## Dataset
Segment Open

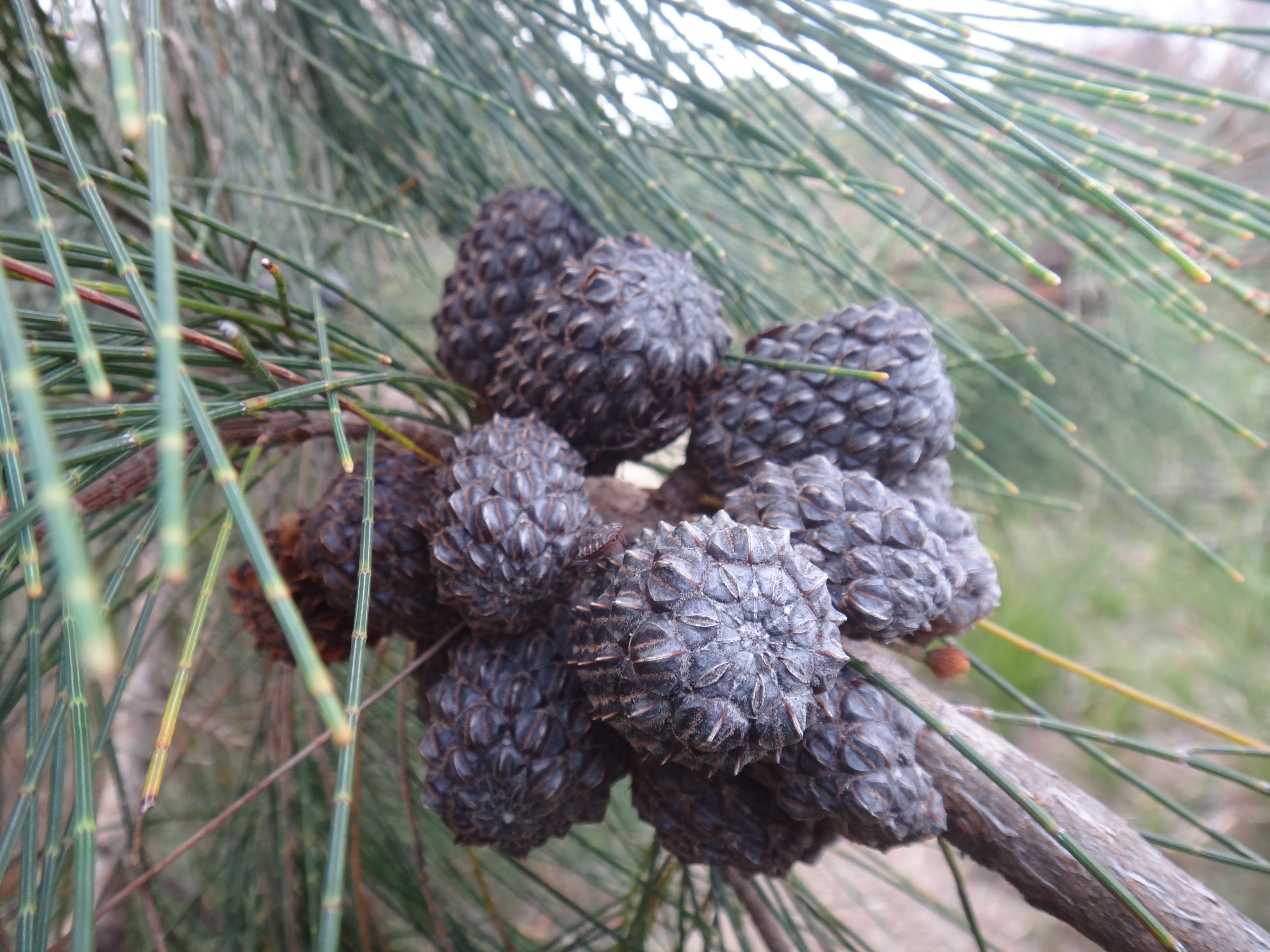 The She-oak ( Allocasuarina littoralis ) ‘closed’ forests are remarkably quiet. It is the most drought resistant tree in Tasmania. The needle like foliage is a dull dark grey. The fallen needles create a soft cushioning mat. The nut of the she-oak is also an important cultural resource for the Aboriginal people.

Segment Closed
Segment Open

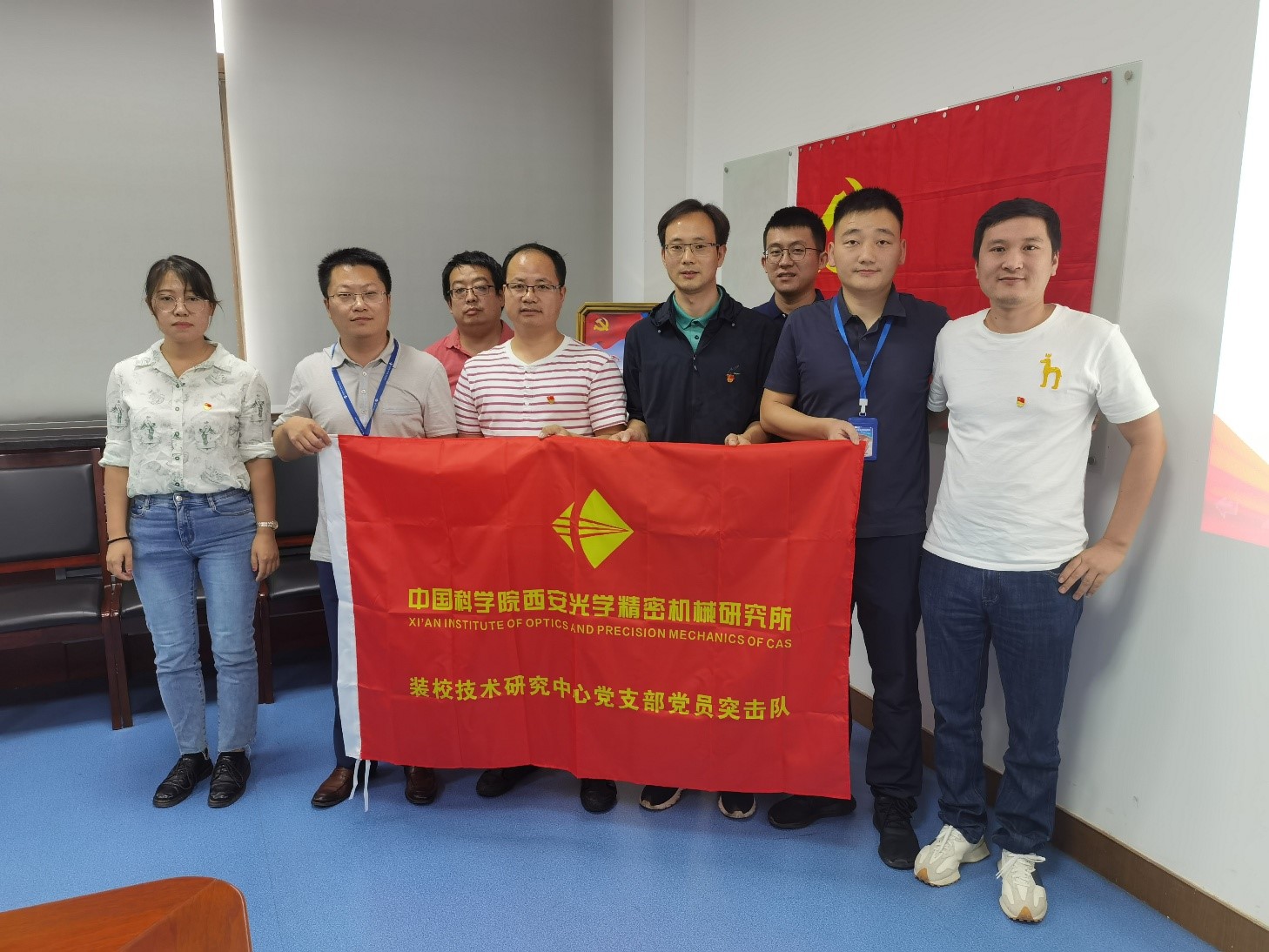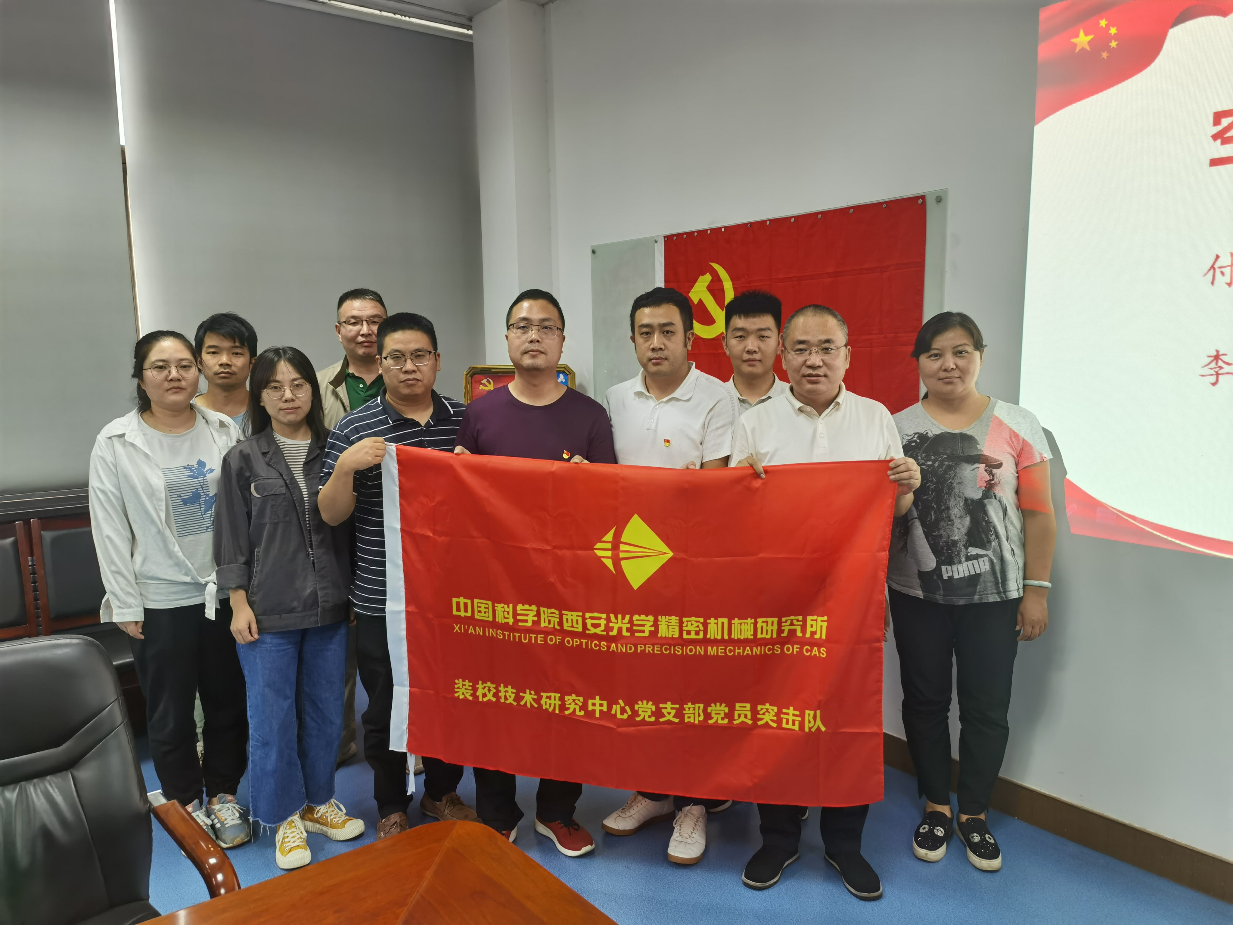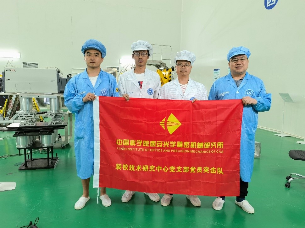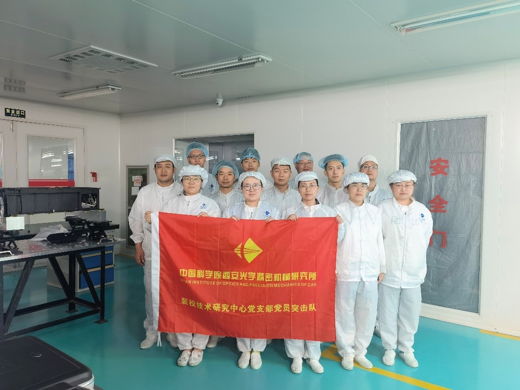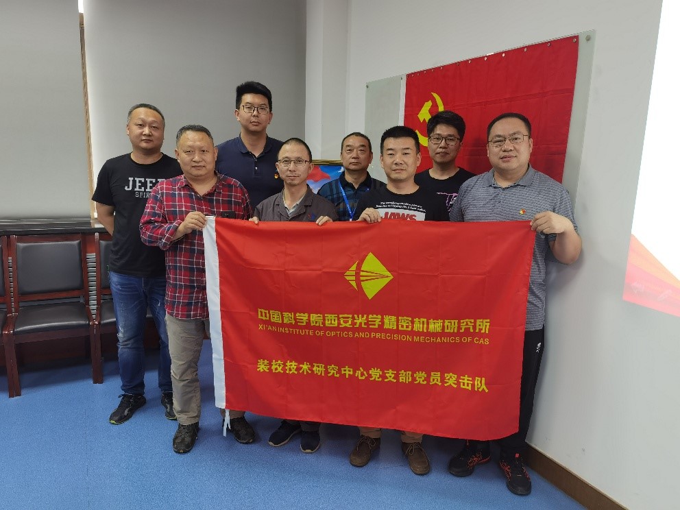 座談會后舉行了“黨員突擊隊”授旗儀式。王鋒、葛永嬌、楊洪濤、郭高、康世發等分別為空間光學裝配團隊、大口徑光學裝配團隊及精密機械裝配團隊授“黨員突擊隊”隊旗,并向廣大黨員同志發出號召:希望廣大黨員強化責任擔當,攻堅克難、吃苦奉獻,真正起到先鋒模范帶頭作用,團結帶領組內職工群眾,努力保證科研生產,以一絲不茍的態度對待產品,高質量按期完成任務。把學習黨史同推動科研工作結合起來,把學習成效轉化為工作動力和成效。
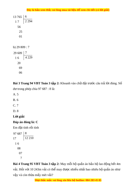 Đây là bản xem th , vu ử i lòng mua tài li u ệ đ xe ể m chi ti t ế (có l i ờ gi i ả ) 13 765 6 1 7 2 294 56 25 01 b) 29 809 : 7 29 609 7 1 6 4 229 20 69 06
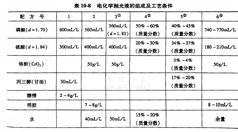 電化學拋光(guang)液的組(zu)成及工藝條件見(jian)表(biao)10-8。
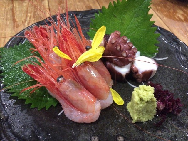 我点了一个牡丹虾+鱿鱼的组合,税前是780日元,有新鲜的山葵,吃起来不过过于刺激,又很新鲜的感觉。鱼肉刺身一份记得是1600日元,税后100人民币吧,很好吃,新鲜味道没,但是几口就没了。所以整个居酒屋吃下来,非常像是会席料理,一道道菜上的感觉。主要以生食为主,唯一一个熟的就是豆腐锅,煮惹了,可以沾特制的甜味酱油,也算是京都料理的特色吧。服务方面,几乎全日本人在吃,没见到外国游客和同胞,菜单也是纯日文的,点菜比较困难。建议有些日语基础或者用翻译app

Segment Closed
Segment Open

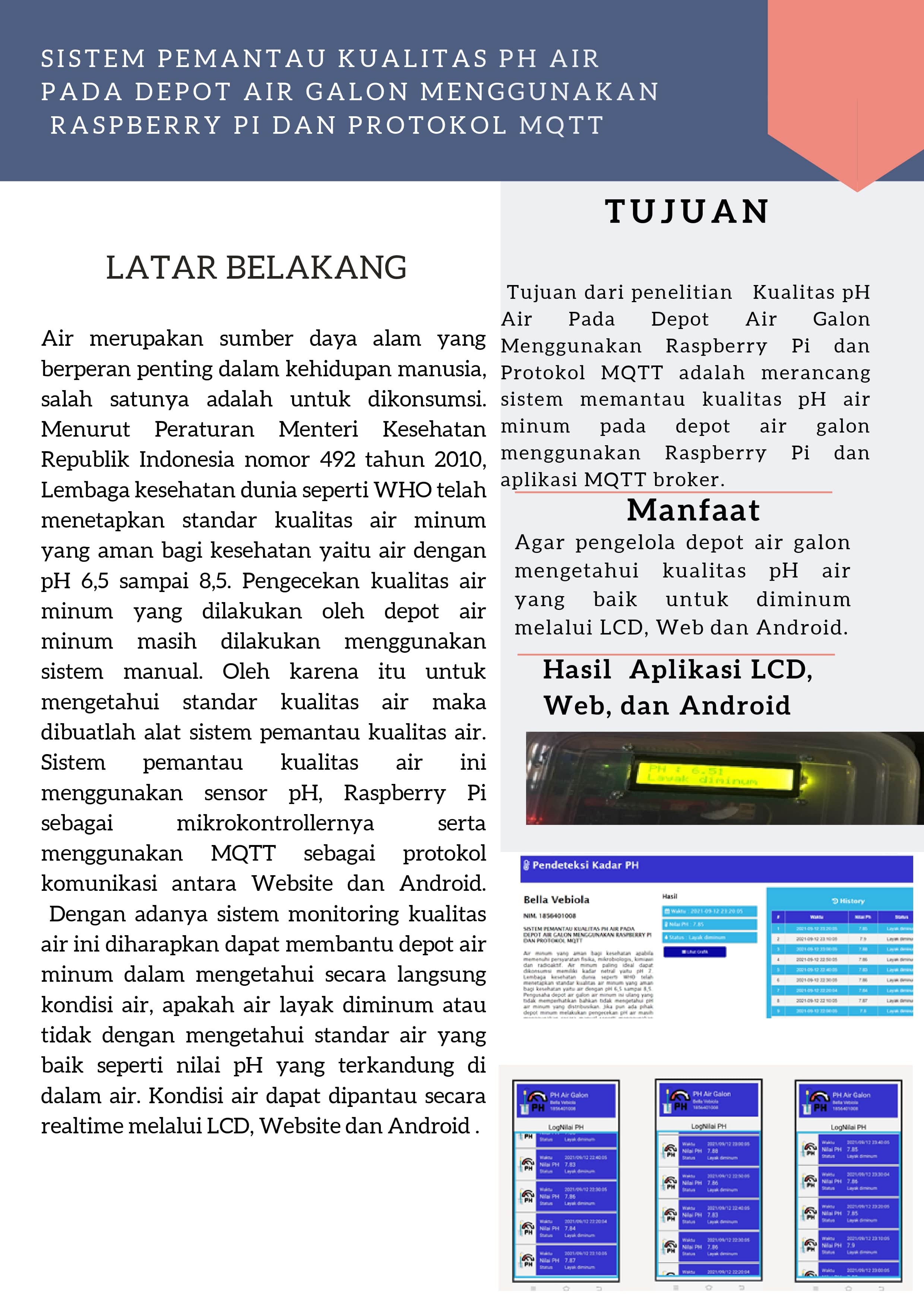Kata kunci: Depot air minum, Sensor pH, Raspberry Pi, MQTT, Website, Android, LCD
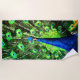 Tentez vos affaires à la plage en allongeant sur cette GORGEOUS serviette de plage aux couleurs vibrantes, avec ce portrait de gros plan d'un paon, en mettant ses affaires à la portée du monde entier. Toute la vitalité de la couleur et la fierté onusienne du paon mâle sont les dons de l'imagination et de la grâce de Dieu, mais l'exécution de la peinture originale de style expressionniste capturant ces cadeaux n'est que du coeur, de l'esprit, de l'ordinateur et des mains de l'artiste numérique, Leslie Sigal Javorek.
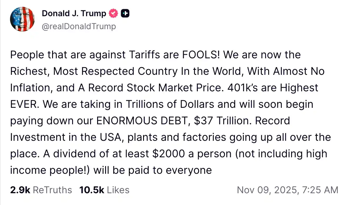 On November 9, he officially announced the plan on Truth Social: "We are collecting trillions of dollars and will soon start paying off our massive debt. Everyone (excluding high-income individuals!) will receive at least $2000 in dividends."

Segment Closed

## Task statement
In the data above, retype only the stretch from the line with "電化學拋光(guang)液的" through the line with "我点了一个牡丹虾+鱿鱼的组合", word for word, and skip any pictures.

## Solution for this problem
 電化學拋光(guang)液的組(zu)成及工藝條件見(jian)表(biao)10-8。
 我点了一个牡丹虾+鱿鱼的组合,税前是780日元,有新鲜的山葵,吃起来不过过于刺激,又很新鲜的感觉。鱼肉刺身一份记得是1600日元,税后100人民币吧,很好吃,新鲜味道没,但是几口就没了。所以整个居酒屋吃下来,非常像是会席料理,一道道菜上的感觉。主要以生食为主,唯一一个熟的就是豆腐锅,煮惹了,可以沾特制的甜味酱油,也算是京都料理的特色吧。服务方面,几乎全日本人在吃,没见到外国游客和同胞,菜单也是纯日文的,点菜比较困难。建议有些日语基础或者用翻译app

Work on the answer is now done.